YOUR TASK - All that is wanted is the exact text of the lines below from the one with "pasado viernes 3." through the one with "ପ୍ରଜ୍ଞା ସିଂ ଠାକୁର", inclusive, minus any pictures.

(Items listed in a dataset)
+-------+

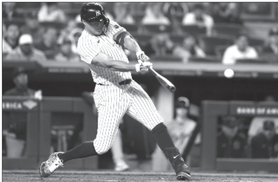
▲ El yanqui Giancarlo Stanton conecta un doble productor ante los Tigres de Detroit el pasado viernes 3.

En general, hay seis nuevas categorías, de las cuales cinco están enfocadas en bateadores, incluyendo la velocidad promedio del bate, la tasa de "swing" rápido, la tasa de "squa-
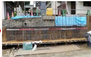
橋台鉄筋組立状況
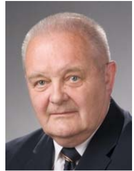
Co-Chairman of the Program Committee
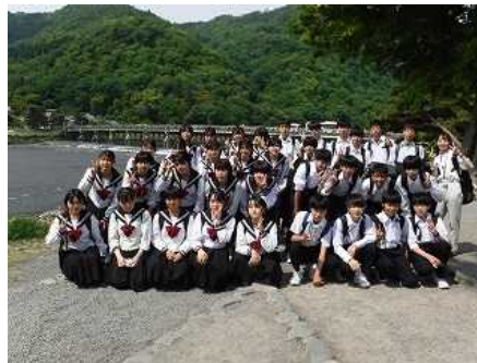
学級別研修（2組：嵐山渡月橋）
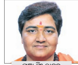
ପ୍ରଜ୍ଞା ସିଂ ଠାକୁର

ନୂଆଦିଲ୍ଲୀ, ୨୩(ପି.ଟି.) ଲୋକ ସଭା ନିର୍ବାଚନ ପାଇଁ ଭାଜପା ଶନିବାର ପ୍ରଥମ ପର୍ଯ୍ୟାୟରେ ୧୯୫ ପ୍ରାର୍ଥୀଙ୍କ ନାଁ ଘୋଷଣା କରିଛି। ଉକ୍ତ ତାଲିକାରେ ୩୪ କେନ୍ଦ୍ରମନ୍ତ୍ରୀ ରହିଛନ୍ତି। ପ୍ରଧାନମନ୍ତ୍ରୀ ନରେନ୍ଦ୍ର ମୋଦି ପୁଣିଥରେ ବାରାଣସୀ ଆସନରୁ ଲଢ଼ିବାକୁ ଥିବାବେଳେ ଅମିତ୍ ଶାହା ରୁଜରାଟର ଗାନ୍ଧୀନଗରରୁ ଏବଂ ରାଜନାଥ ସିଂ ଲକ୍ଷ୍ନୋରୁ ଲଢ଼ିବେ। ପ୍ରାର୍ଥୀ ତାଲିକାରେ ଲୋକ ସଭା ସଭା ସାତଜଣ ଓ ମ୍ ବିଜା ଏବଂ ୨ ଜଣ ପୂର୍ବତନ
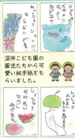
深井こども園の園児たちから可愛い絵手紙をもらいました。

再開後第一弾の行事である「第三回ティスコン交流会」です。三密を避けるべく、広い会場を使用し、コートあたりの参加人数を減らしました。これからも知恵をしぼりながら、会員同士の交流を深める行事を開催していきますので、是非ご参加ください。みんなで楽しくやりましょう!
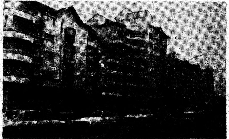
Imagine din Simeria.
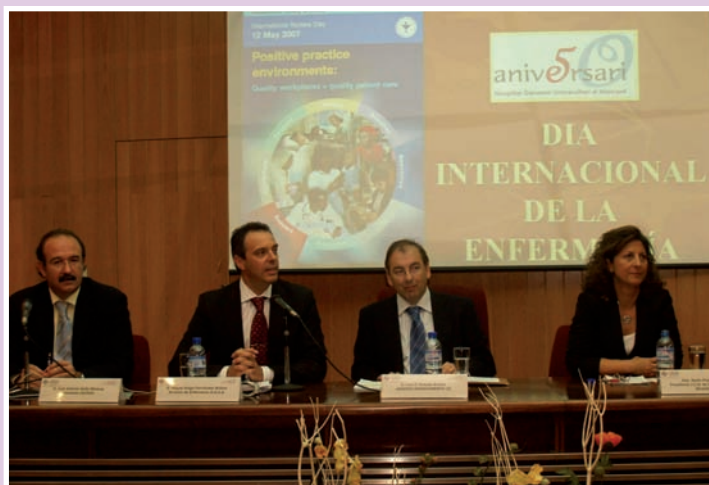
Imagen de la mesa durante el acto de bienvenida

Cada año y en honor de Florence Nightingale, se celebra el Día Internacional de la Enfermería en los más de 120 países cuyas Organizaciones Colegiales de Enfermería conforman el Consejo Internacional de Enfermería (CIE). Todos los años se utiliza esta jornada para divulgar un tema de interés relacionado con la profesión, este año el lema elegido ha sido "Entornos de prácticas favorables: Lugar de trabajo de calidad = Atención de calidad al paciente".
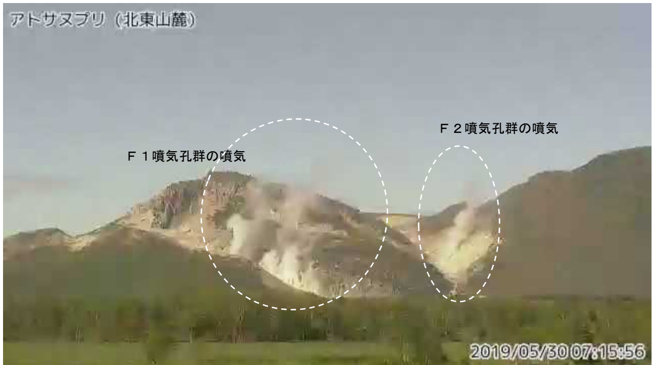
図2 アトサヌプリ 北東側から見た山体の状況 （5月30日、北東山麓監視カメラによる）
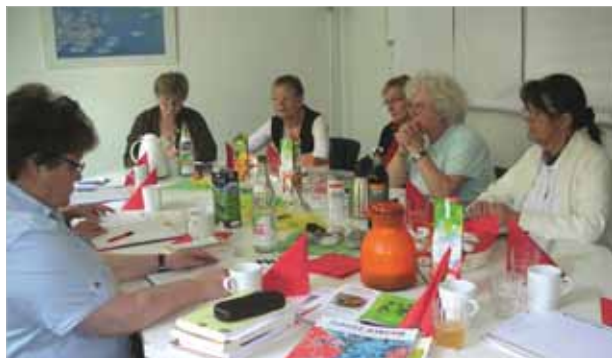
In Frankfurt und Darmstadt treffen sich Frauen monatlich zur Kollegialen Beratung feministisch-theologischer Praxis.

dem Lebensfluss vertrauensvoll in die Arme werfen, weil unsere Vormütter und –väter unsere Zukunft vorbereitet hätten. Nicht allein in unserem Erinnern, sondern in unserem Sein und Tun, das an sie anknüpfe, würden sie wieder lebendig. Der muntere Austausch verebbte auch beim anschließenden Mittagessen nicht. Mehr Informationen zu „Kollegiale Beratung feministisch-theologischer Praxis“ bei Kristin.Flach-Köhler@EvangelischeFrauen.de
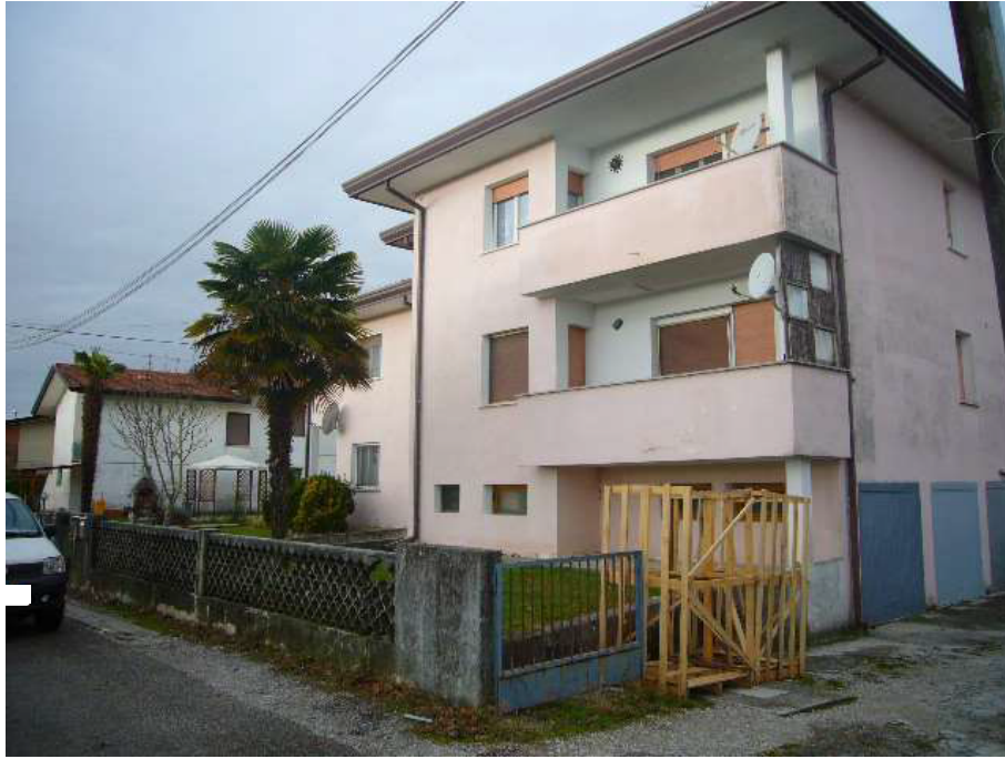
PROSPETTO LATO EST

+-------+

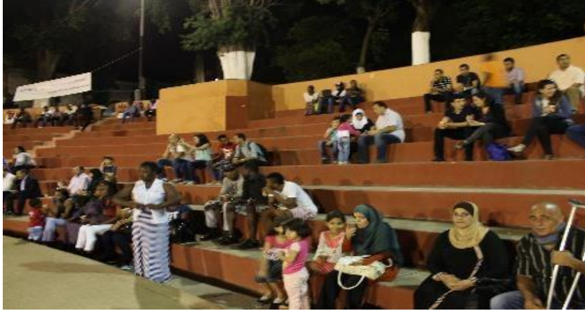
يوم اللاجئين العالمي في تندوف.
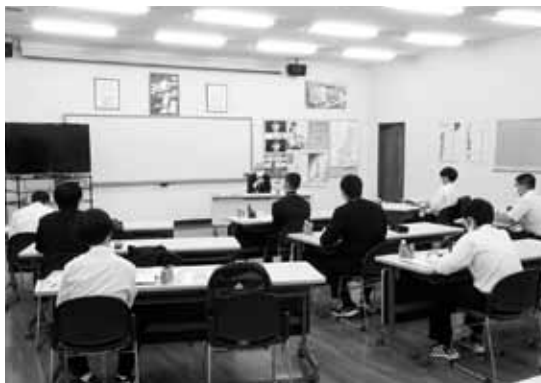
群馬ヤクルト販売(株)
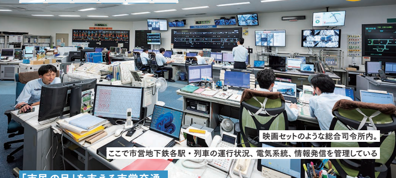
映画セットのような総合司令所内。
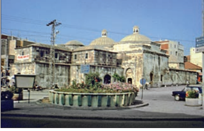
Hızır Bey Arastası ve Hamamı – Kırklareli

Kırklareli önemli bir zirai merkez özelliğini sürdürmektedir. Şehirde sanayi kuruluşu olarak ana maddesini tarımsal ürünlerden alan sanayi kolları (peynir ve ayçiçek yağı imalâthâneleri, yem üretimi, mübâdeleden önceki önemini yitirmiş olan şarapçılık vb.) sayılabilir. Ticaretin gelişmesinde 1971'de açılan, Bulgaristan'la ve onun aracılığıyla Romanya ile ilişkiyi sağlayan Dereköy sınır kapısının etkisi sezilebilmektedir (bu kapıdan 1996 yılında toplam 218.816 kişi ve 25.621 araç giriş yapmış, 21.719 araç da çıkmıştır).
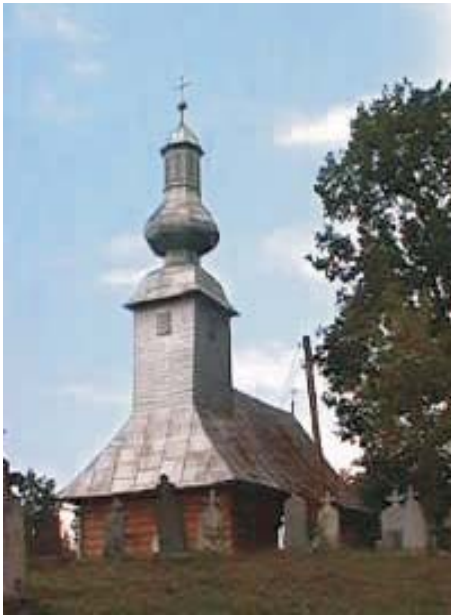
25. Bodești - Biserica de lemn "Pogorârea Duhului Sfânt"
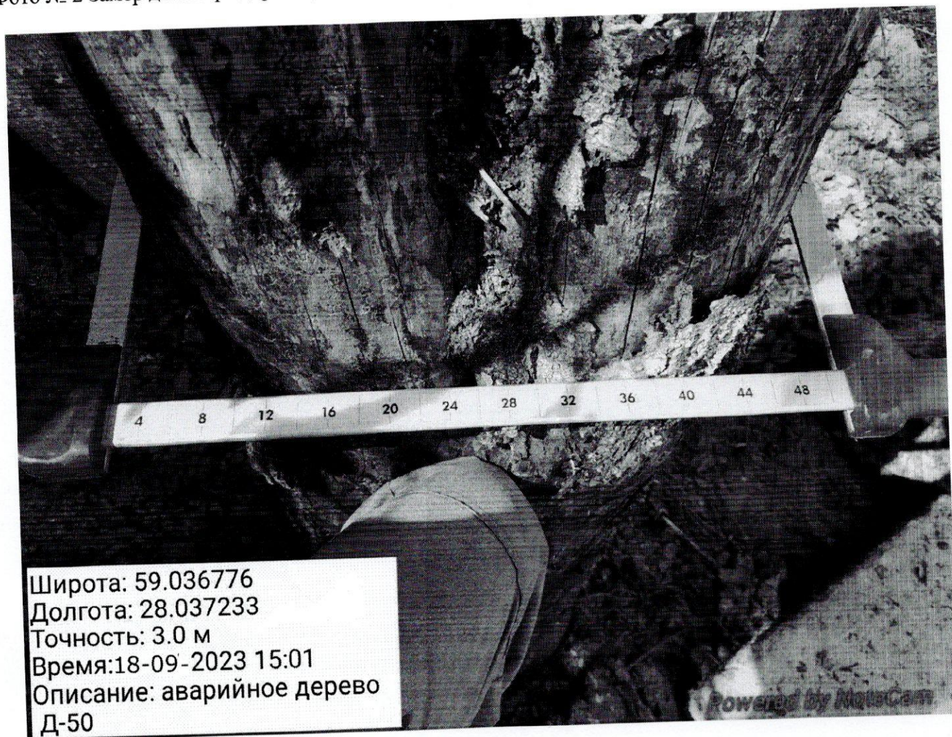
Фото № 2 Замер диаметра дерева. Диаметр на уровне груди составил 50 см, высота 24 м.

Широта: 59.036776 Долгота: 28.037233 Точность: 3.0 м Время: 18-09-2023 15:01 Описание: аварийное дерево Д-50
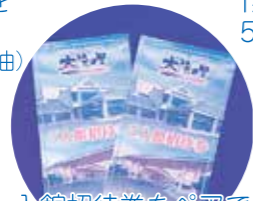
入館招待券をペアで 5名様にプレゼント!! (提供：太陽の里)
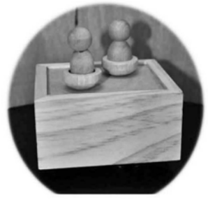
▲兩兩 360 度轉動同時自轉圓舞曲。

+-------+

EXERCISE ANSWER -
▲ El yanqui Giancarlo Stanton conecta un doble productor ante los Tigres de Detroit el pasado viernes 3.

En general, hay seis nuevas categorías, de las cuales cinco están enfocadas en bateadores, incluyendo la velocidad promedio del bate, la tasa de "swing" rápido, la tasa de "squa-
橋台鉄筋組立状況
Co-Chairman of the Program Committee
学級別研修（2組：嵐山渡月橋）
ପ୍ରଜ୍ଞା ସିଂ ଠାକୁର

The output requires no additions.